(SUPPLIED MATERIAL)
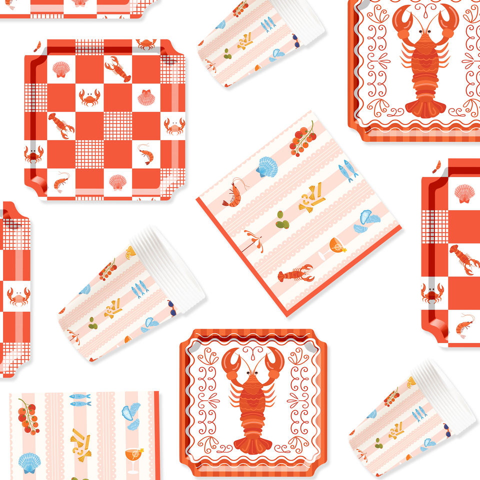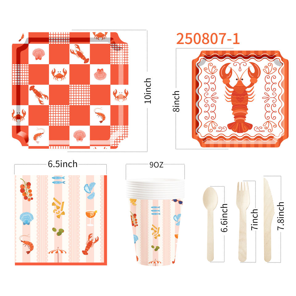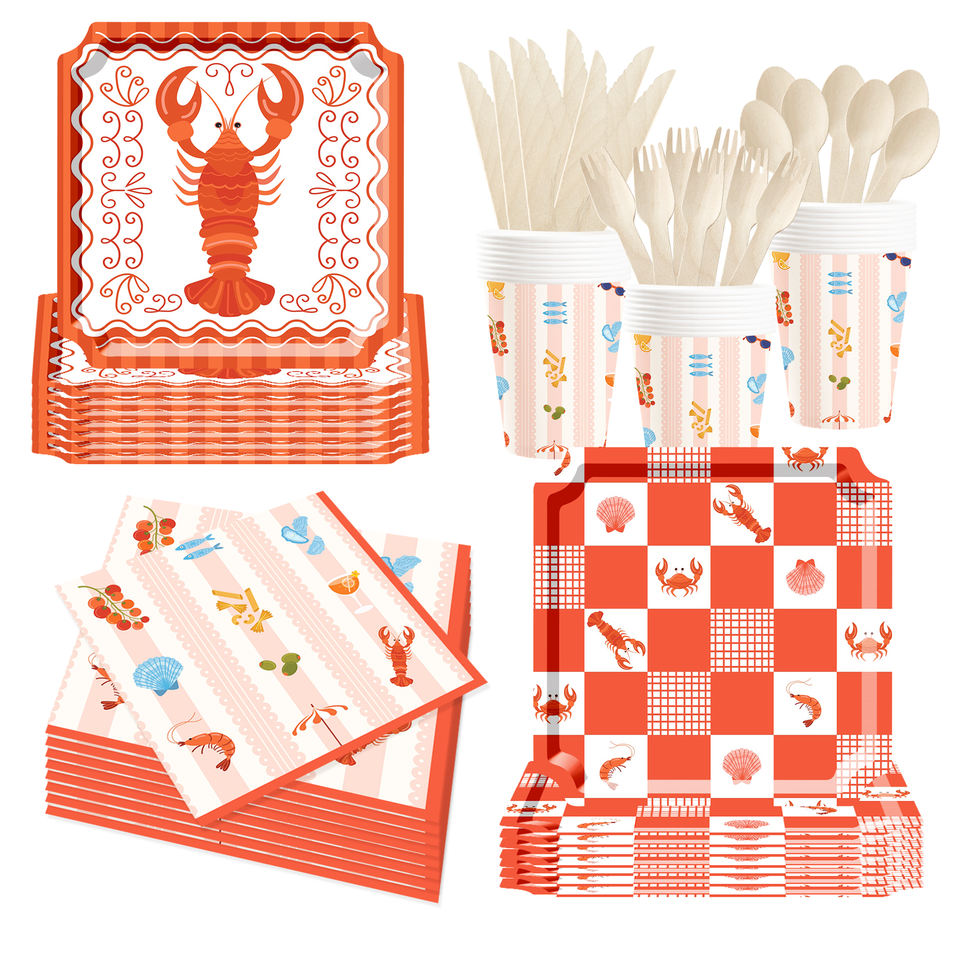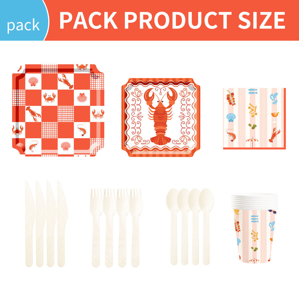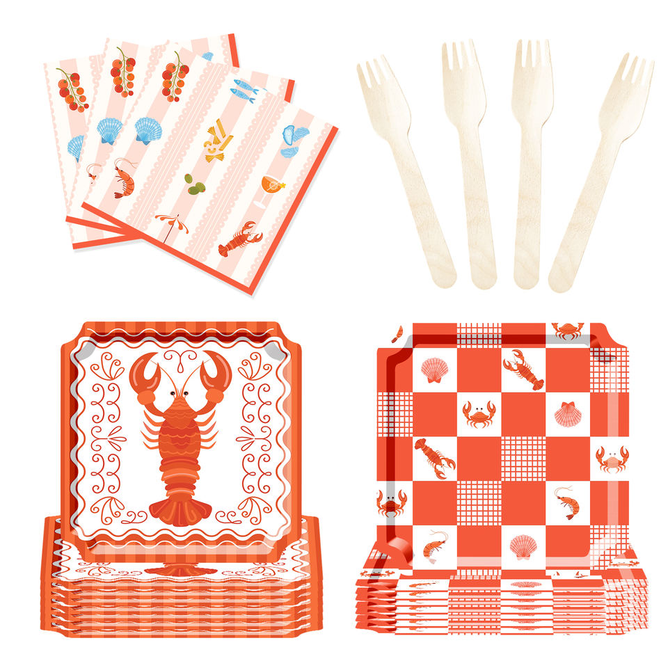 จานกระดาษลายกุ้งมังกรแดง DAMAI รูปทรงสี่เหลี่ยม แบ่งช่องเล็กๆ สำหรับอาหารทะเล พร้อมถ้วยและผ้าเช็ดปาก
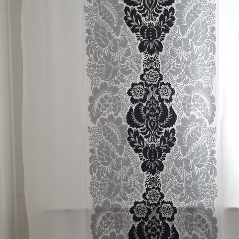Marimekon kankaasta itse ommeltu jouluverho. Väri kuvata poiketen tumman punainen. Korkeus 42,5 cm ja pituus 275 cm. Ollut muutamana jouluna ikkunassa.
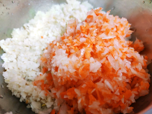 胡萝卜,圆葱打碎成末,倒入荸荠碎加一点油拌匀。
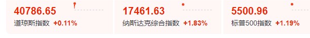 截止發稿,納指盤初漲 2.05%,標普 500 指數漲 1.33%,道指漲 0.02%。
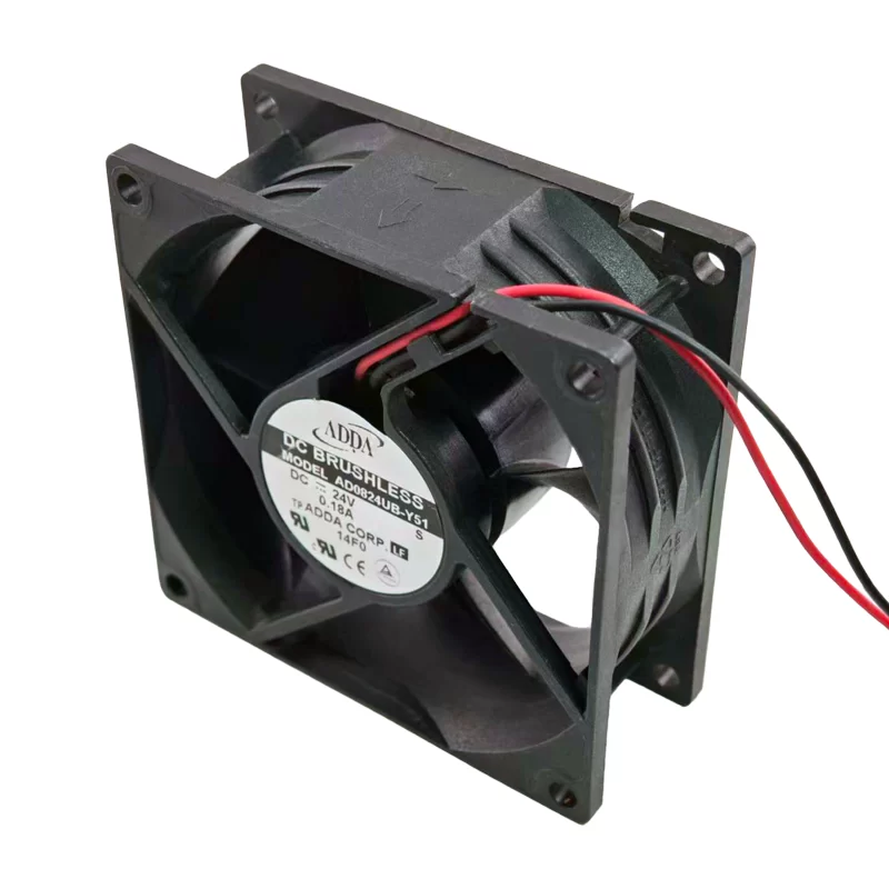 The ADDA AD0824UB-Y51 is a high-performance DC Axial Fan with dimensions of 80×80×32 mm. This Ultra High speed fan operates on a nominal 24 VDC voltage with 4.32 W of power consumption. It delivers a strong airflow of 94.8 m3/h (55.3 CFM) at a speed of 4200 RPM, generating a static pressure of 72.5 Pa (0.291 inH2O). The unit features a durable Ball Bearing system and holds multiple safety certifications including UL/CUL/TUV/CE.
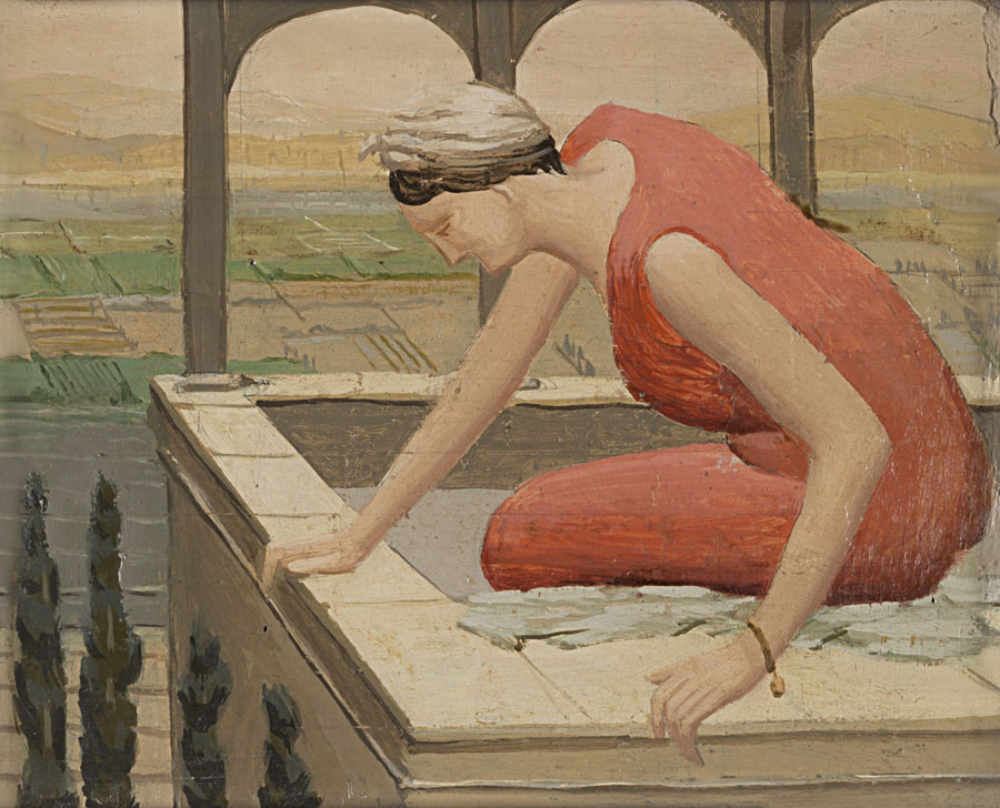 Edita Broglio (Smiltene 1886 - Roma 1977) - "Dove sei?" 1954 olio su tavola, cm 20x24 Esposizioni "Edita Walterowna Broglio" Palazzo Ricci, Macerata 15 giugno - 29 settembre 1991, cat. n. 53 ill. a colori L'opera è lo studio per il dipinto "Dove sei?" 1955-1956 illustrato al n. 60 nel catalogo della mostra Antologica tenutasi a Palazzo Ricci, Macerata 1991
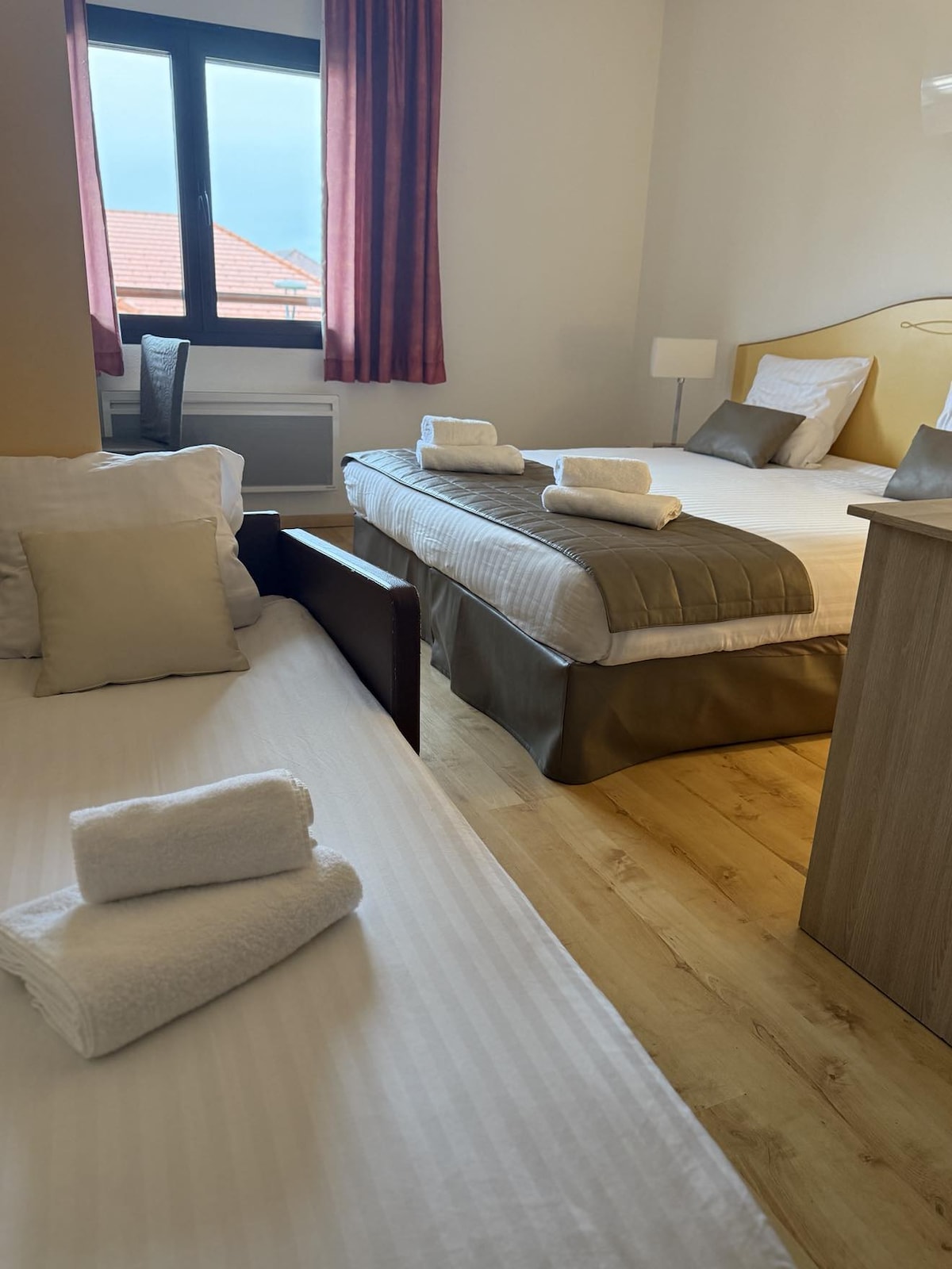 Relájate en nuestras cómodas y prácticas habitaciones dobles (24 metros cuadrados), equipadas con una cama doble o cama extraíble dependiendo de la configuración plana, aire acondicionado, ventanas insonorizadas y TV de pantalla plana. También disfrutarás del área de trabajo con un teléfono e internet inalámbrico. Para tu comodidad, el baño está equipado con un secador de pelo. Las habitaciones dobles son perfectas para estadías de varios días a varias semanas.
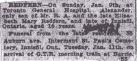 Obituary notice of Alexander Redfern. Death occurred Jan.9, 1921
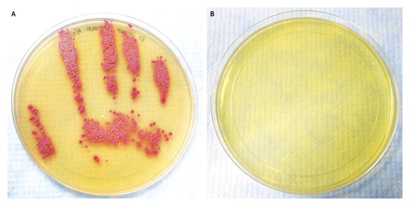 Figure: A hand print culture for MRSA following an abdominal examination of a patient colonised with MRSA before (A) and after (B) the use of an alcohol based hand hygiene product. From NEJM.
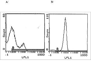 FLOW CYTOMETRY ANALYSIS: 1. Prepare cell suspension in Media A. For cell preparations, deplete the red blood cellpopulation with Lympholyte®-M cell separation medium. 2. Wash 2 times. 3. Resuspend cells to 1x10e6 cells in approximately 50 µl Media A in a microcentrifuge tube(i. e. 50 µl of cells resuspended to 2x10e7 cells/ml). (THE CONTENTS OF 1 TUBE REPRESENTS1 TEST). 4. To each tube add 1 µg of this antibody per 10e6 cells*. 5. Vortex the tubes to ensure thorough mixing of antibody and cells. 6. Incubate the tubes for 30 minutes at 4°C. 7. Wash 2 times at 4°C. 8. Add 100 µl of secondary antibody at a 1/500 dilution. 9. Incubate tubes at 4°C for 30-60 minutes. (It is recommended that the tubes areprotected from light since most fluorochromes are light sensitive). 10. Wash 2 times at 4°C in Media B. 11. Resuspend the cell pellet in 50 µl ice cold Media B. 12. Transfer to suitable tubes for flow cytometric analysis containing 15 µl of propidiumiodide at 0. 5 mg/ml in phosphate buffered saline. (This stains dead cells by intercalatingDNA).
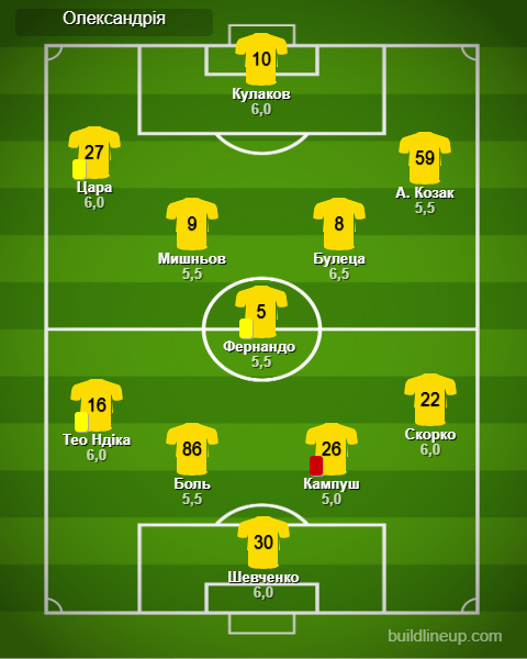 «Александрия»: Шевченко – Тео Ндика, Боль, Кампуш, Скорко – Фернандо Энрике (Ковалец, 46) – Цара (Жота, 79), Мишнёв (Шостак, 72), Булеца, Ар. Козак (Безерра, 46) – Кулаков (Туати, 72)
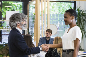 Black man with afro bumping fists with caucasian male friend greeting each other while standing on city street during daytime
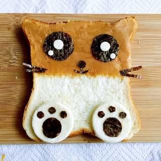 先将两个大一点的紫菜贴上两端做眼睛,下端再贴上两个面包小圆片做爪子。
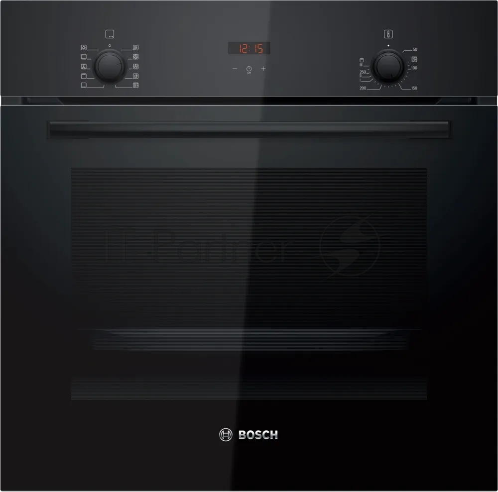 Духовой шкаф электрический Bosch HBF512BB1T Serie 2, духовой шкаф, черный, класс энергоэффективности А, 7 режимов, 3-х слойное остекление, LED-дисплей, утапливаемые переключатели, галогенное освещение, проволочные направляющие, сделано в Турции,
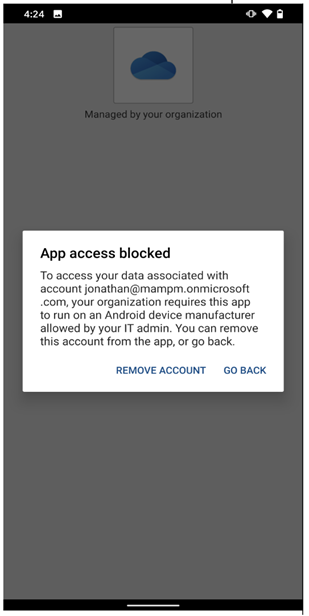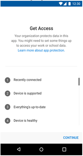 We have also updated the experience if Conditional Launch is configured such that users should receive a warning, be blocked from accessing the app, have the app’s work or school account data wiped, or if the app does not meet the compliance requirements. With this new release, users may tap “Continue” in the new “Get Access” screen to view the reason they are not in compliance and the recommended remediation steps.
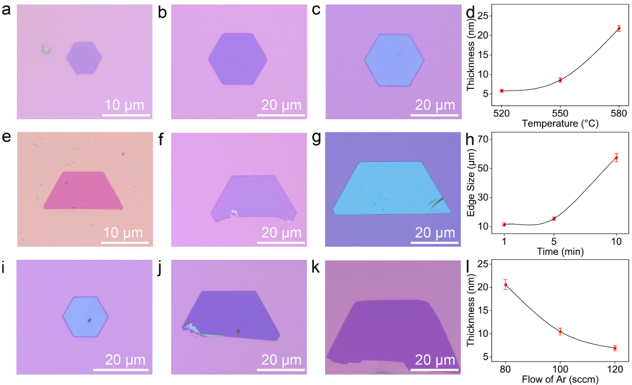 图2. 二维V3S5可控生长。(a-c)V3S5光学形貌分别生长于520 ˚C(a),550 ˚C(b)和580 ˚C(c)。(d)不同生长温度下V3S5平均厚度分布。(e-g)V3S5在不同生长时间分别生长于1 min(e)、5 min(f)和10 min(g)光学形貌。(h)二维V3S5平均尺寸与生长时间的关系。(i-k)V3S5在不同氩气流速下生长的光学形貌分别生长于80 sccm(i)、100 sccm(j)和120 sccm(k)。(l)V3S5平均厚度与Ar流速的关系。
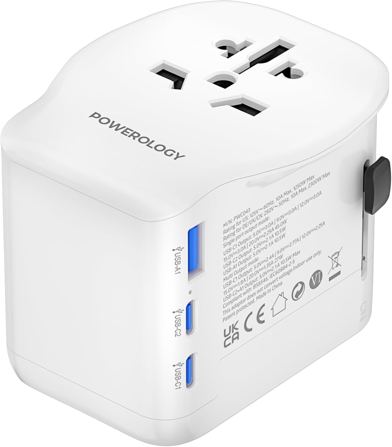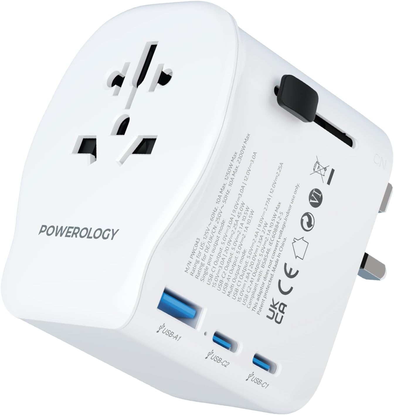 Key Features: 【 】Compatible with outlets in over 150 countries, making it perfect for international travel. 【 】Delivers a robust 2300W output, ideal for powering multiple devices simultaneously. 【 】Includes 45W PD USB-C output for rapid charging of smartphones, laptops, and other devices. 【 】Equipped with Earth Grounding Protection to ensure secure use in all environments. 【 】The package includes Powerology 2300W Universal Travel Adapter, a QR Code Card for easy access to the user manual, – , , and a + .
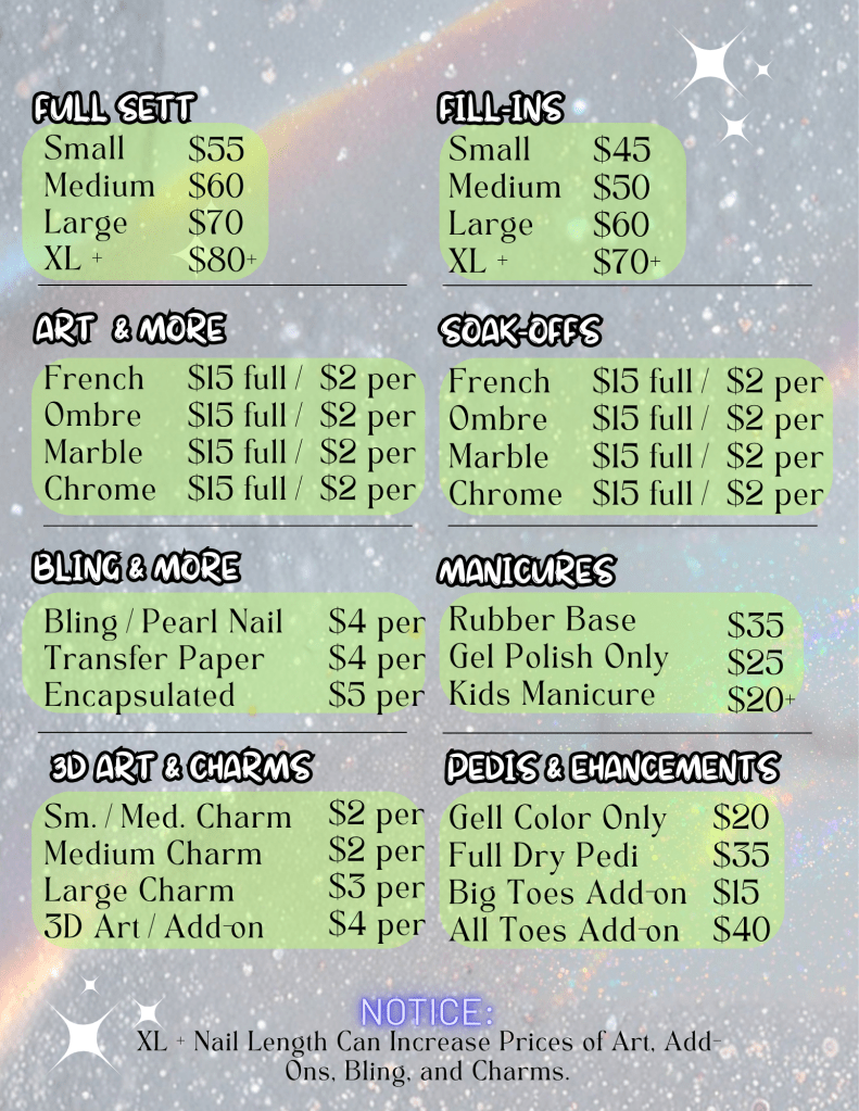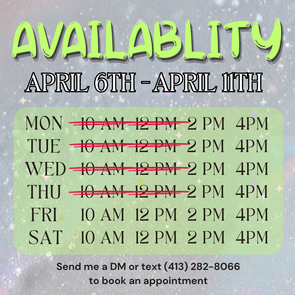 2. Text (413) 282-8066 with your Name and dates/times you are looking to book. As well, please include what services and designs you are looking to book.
(End SUPPLIED MATERIAL)
• [PROMPT]:
Could you write out exactly the lines of the data above that run from the one holding "Relájate en nuestras" to the one holding "Кулаков (Туати, 72)", with both ends in and all pictures out?

• [EXERCISE RESPONSE]:
 Relájate en nuestras cómodas y prácticas habitaciones dobles (24 metros cuadrados), equipadas con una cama doble o cama extraíble dependiendo de la configuración plana, aire acondicionado, ventanas insonorizadas y TV de pantalla plana. También disfrutarás del área de trabajo con un teléfono e internet inalámbrico. Para tu comodidad, el baño está equipado con un secador de pelo. Las habitaciones dobles son perfectas para estadías de varios días a varias semanas.
 Obituary notice of Alexander Redfern. Death occurred Jan.9, 1921
 Figure: A hand print culture for MRSA following an abdominal examination of a patient colonised with MRSA before (A) and after (B) the use of an alcohol based hand hygiene product. From NEJM.
 FLOW CYTOMETRY ANALYSIS: 1. Prepare cell suspension in Media A. For cell preparations, deplete the red blood cellpopulation with Lympholyte®-M cell separation medium. 2. Wash 2 times. 3. Resuspend cells to 1x10e6 cells in approximately 50 µl Media A in a microcentrifuge tube(i. e. 50 µl of cells resuspended to 2x10e7 cells/ml). (THE CONTENTS OF 1 TUBE REPRESENTS1 TEST). 4. To each tube add 1 µg of this antibody per 10e6 cells*. 5. Vortex the tubes to ensure thorough mixing of antibody and cells. 6. Incubate the tubes for 30 minutes at 4°C. 7. Wash 2 times at 4°C. 8. Add 100 µl of secondary antibody at a 1/500 dilution. 9. Incubate tubes at 4°C for 30-60 minutes. (It is recommended that the tubes areprotected from light since most fluorochromes are light sensitive). 10. Wash 2 times at 4°C in Media B. 11. Resuspend the cell pellet in 50 µl ice cold Media B. 12. Transfer to suitable tubes for flow cytometric analysis containing 15 µl of propidiumiodide at 0. 5 mg/ml in phosphate buffered saline. (This stains dead cells by intercalatingDNA).
 «Александрия»: Шевченко – Тео Ндика, Боль, Кампуш, Скорко – Фернандо Энрике (Ковалец, 46) – Цара (Жота, 79), Мишнёв (Шостак, 72), Булеца, Ар. Козак (Безерра, 46) – Кулаков (Туати, 72)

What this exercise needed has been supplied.